# Hi!!



## KittenLover (Jan 2, 2004)

Hi everybody!! I just joined this forum today, however I have been a part of this before, but couldn't remember my name. I was not too active, but I will be this time!! I have a Persian named Gizmo and he is 4 years old. I am a freshman in college at the University of North Alabama majoring in Accounting. I am in the dorms, so I can't take my Gizzie with me.  However, I am getting an apartment this summer so I can take him with me then! Anywho, I'm looking forward to reading stories and sharing stories too. Sometime soon I will have pictures up of my baby!


----------



## Ioana (Jul 12, 2003)

Hello and welcome back! I am glad you returned even though you couldn't remember the original id.
I hope you will be able to post pitures of Gizmo soon !
ps best of luck with your studies


----------



## Jeanie (Jun 18, 2003)

Hi, Kittenlover!

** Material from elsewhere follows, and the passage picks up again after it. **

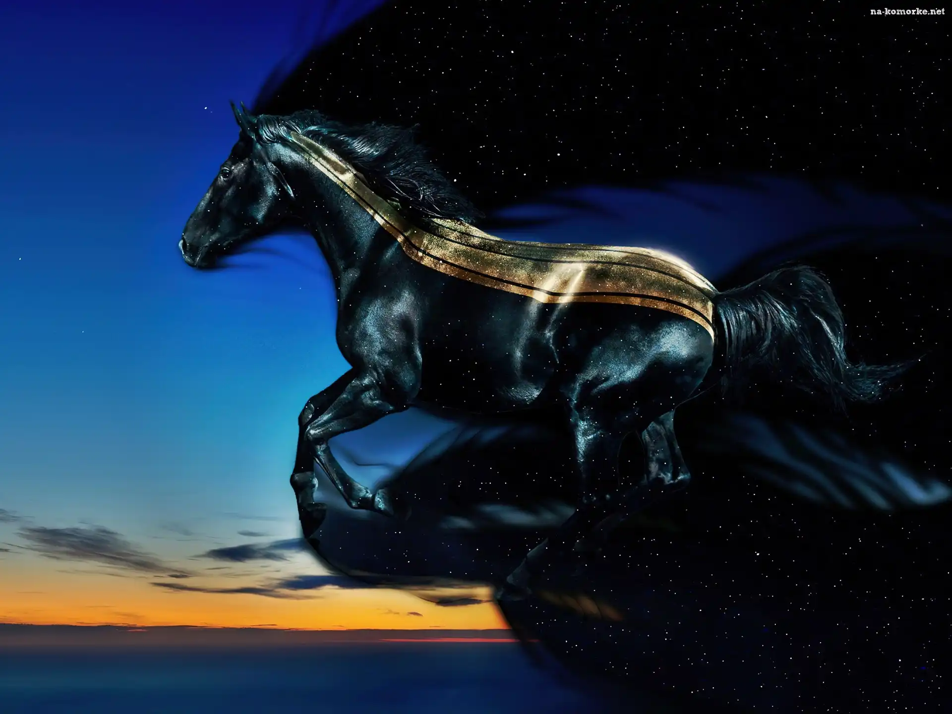 Paski, Czarny, Koń, Niebo, Złote na Komórkę

Welcome back. Make sure you post often and let us see some pictures too, please. Enjoy the forum.


----------



## kitkat (Sep 22, 2003)

Welcome back to the forum! I am taking accounting classes now and boy do I hate it hehe.... anyways can't wait to see some pics of your Gizmo! :wink:


----------



## stormy (Dec 7, 2003)

welcome kittenlover!!!!
i have a shaded silver persian, what color is yours?

@@@


----------



## KittenLover (Jan 2, 2004)

*cat color*

Gizmo is a "blue" persian. Although he is "blue" he is gray and has copper eyes.


----------